Missing Downstream Dependencies

Symptom: client tests the web tier but the payment service, email provider, or internal microservice is not included or is mocked.

Impact: downstream service latency and rate limits are invisible. Production performance will be worse than test.

Fix: map all synchronous downstream calls before scripting.

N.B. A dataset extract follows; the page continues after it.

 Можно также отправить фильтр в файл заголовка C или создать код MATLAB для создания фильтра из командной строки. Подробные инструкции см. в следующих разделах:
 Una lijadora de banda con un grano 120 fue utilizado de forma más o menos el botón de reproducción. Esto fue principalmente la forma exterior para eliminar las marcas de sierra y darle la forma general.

Either include them in the test (preferred) or explicitly document what was mocked and what the production latency assumptions are.

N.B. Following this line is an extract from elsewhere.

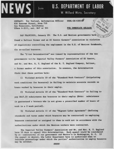 | Keywords: News from U.S. Department of Labor regarding findings of violation against Imperial Valley Farmers' Association and... - NARA - 296738.tif Scope and content This document is related to the Bracero Program a federally sponsored labor program during the 1950s-early 1960's whereby migrant/migratory laborers from Mexico were provided for seasonal mostly agricultural employment often on the farms of Californa growers The document provides insight into Hispanic/Latino/Mexican immigration and labor history including controversies which surfaced during the farm labor movement of the years thereafter General notes 296738 Local identifier Department of Labor Office of the Solicitor Region 9 San Francisco Office of the Regional Attorney 1965 - 1973 NARA's Pacific Region San Bruno NRHAS 1000 Commodore Drive San Bruno CA 94066-2350 1963-01-29 Record group Record Group 174 General Records of the Department of Labor 1907 - 2001 Record group ARC 503 Records Relating to the Mexican Labor Bracero Program compiled 1950 - 1964 Series ARC 296723 File unit R T Englund Co El Centro Elizabeth A Longebohn charges 1962 - 1963 File unit ARC 296731 Variant control numbers NAIL Control Number NRHS-174-REG9BRACERO-ENGLUND-7 yes Other versions NARA-cooperation PD-USGov Immigration to the United States from Mexico Law enforcement in the United States 1963 documents Agriculture in the United States Mexican Americans |

Confusing Think Time with Response Time

Symptom: client Jira ticket says "we need to support 10,000 concurrent users" but analytics show peak concurrent sessions of 10,000 where average session involves one request every 30 seconds.

Impact: the test is designed for 10,000 concurrent active requests, which implies 10,000 RPS — orders of magnitude above actual load.

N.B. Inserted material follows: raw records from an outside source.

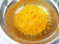 2.蒸好的南瓜用勺子碾成泥。
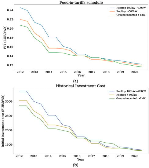 (a) FIT schedule from 2012 to 2020 (b) Investment cost from 2012 to 2020 Source: [15], self-elaboration.
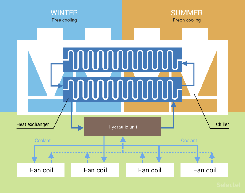 - Естественное охлаждение возможно только зимой, когда хладоноситель не нуждается в принудительном доохлаждении.

Fix: convert session concurrency to RPS using Little's Law. 10,000 users making one request per 30 seconds = 333 RPS. That is the load target.

Reporting Mean Latency Instead of Percentiles

Symptom: the test report shows "average response time: 450ms."

Impact: mean latency is dominated by the majority of fast requests and hides the long tail. A p99 of 8 seconds is invisible behind a 450ms mean if only 1% of requests are slow.

Fix: always report p50, p95, p99, and max. Plot latency over time (not just end-of-test aggregates). The p99 is what your worst-served users experience; the max reveals outliers (GC pauses, cold starts, lock contention).

Consultant Checklist

Before test execution:

Infrastructure inventory received and reviewed
Test environment ratio documented (e.g., ratio = 0.25)
Load targets derived from business requirements, not guesses
Concurrent users converted to RPS via Little's Law
CDN bypass or pass-through decision made and documented
Auto-scaling configuration confirmed (enabled or disabled, documented)
Database connection limits verified against pool configuration
Shared infrastructure identified and flagged
Downstream dependencies mapped — included or mocked, documented

After test execution:

Results reported at p50 / p95 / p99 / max — not mean
Bottleneck tier identified (CPU, memory, connections, I/O)
Scale-up vs scale-out recommendation made with cost estimate
Headroom calculation shown (target load / saturation point, * 1.43)
Connection pool sizing recommendation included if relevant
CDN cache hit ratio reported alongside latency numbers
Test environment ratio applied to project results to production scale
Soak test resource exhaustion findings summarised with remediation steps

Connections

technical-qa/jmeter — primary tool for generating the load that feeds capacity planning data
technical-qa/load-testing-advanced — advanced load scenario design (soak, spike, stress) referenced in this playbook
technical-qa/performance-testing — test type taxonomy and NFR acceptance criteria
technical-qa/api-performance-testing — API-specific measurement patterns for latency and throughput
technical-qa/tqa-hub — central index for all technical QA pages
qa/test-environments — environment provisioning and production parity decisions

Open Questions

Does the HikariCP connection pool formula (core_count * 2 + spindle_count) still hold as a reasonable starting point for NVMe-backed cloud databases, or has the recommended formula shifted?
What is the practical threshold at which PgBouncer transaction-mode pooling introduces measurable latency overhead relative to direct connections?
How should the 70% utilisation headroom rule be adjusted for auto-scaling groups with sub-60-second scale-out times?